Exercise aim:
Print only the lines below from the one with "из жительниц Донецка." to the one with "CIUDAD DE MÉXICO, 08MAYO2024.- Ana", both included, exactly as they stand. Leave pictures out.

Source material:
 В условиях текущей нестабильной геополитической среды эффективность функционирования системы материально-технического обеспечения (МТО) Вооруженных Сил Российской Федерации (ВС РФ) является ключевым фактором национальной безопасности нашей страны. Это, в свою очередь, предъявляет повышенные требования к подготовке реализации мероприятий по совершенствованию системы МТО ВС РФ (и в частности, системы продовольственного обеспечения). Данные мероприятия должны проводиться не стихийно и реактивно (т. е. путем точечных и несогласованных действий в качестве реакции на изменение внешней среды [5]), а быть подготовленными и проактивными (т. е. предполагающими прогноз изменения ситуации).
==
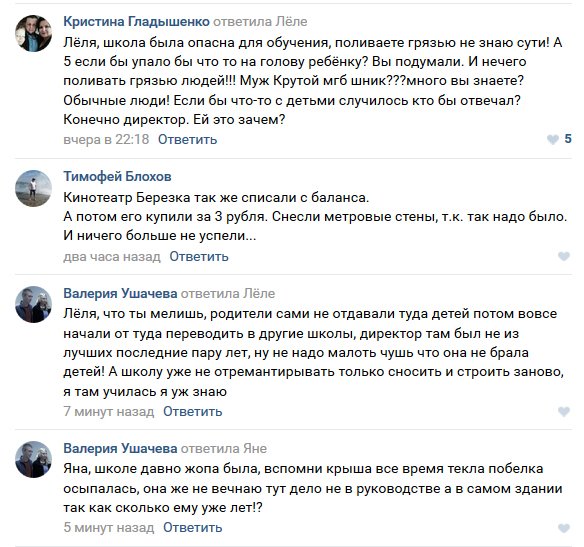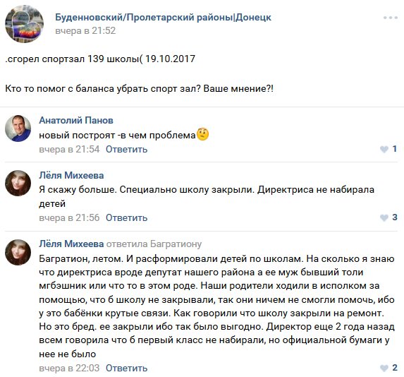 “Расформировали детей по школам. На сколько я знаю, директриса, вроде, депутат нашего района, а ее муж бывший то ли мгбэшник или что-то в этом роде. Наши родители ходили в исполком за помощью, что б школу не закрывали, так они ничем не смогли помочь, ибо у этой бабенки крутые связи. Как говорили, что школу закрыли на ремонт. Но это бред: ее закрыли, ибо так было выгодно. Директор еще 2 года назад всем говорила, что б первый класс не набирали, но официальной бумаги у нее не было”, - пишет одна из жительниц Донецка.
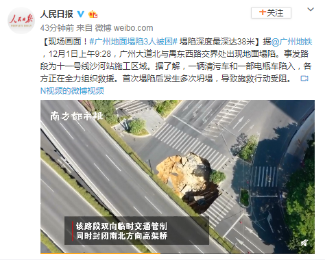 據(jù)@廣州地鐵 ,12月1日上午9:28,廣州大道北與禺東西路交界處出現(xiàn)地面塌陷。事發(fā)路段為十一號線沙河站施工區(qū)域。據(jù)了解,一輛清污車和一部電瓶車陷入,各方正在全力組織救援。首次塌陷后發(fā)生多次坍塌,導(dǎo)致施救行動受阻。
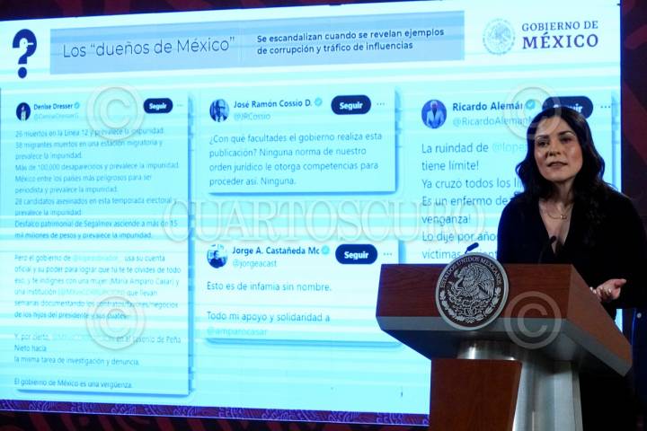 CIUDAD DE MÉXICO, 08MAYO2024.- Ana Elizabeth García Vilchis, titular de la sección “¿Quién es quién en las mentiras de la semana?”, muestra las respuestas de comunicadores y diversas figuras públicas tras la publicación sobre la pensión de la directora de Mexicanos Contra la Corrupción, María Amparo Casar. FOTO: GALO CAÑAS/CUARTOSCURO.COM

Result for this exercise:
 “Расформировали детей по школам. На сколько я знаю, директриса, вроде, депутат нашего района, а ее муж бывший то ли мгбэшник или что-то в этом роде. Наши родители ходили в исполком за помощью, что б школу не закрывали, так они ничем не смогли помочь, ибо у этой бабенки крутые связи. Как говорили, что школу закрыли на ремонт. Но это бред: ее закрыли, ибо так было выгодно. Директор еще 2 года назад всем говорила, что б первый класс не набирали, но официальной бумаги у нее не было”, - пишет одна из жительниц Донецка.
 據(jù)@廣州地鐵 ,12月1日上午9:28,廣州大道北與禺東西路交界處出現(xiàn)地面塌陷。事發(fā)路段為十一號線沙河站施工區(qū)域。據(jù)了解,一輛清污車和一部電瓶車陷入,各方正在全力組織救援。首次塌陷后發(fā)生多次坍塌,導(dǎo)致施救行動受阻。
 CIUDAD DE MÉXICO, 08MAYO2024.- Ana Elizabeth García Vilchis, titular de la sección “¿Quién es quién en las mentiras de la semana?”, muestra las respuestas de comunicadores y diversas figuras públicas tras la publicación sobre la pensión de la directora de Mexicanos Contra la Corrupción, María Amparo Casar. FOTO: GALO CAÑAS/CUARTOSCURO.COM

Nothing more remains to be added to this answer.